The study, named "Understanding the African-American Student Experience in Higher Education Through a Relational Dialectics Perspective," was published in mid-July, but has caught on recently.

It a qualitative study based on one of its co-authors' experience with his adopted son, who is African-American, and his experience at school. Russell Lowery-Hart, a white professor at West Texas A&M University at the time, said his son, attending the same school, had a different experience than expected.

"He would talk about his experiences, and they were just so different from what I thought they would be," said Hart, who now works at Amarillo College. "I wanted to explore and understand what it meant to be an African-American student at colleges similar to the one we were at."

The study analyzed 87 African-American students on three college campuses - two public and one private - in the Midwest and Southwest U.S. regions over a five-year span. The students were interviewed at length for the study's results.

Hart said three common themes appeared more than any others. First, students felt they were singled out in class discussions on black culture. Second, the participants said they were pulled from large freshman orientation groups to form a smaller one of African-American students. Third, students had a hard time adjusting to a campus of mostly white students.

"A lot of the literature around this topic frames this from an either-or mentality, as if students either want to be included or they want to be separate. But it's far more complicated than that," explains Lowery-Hart. "What we've discovered is that students want both. They want to honor their past and embrace their future."

The study's lead author, Jake Simmons, Ph.D., assistant professor of communication studies, Angelo State University, San Angelo, Tex, agreed with this concept.

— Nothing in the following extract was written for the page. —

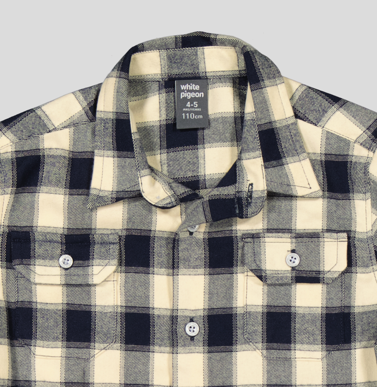 Les garçons utilisent cette chemise comme une veste à la mi-saison, avec ou sans manteau l’hiver venu. Portée sur un pull ou seule selon les envies. Confectionné en tissu 100 % coton , coupe droite, col chemise. 2 poches poitrine à revers pressionné, manches longues, poignets pressionnés. Ouverture pressionnée. Base arrondie.

"Our data revealed that there are still major challenges for African-American students at predominantly white institutions of higher education," he told Newswise. "They feel tension between integrating into the dominant culture while honoring their own culture and black pride."

Nick Gilyard, a rising senior at Western Kentucky University, said he is routinely called upon for questions about African-American-related issues. He also said he's received unfair treatment because of vague campus crime alerts.

"We get safety emergency alerts via email and text, and the description is usually vague: '6-foot black male in jeans and a t-shirt,'" he said. "I've noticed in the aftermath of [those] texts that people walk faster in front of me, or avoid me. But luckily I haven't been confronted with blatant racism on campus."